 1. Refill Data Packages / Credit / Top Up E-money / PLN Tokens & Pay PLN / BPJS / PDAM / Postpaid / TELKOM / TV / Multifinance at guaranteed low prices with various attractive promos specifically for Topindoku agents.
...
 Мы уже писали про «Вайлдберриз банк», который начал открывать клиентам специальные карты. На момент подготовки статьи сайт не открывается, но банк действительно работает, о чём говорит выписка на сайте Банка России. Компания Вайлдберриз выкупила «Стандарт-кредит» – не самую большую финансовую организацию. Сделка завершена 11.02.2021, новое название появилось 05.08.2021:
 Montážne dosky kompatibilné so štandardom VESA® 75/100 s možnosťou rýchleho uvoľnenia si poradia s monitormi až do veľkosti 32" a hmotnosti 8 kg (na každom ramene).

ASSIGNMENT
In the listing above, find the line containing "Мы уже писали" and the line containing "Montážne dosky kompatibilné", then repeat those two lines and everything between them exactly.

PROBLEM SOLUTION
 Мы уже писали про «Вайлдберриз банк», который начал открывать клиентам специальные карты. На момент подготовки статьи сайт не открывается, но банк действительно работает, о чём говорит выписка на сайте Банка России. Компания Вайлдберриз выкупила «Стандарт-кредит» – не самую большую финансовую организацию. Сделка завершена 11.02.2021, новое название появилось 05.08.2021:
 Montážne dosky kompatibilné so štandardom VESA® 75/100 s možnosťou rýchleho uvoľnenia si poradia s monitormi až do veľkosti 32" a hmotnosti 8 kg (na každom ramene).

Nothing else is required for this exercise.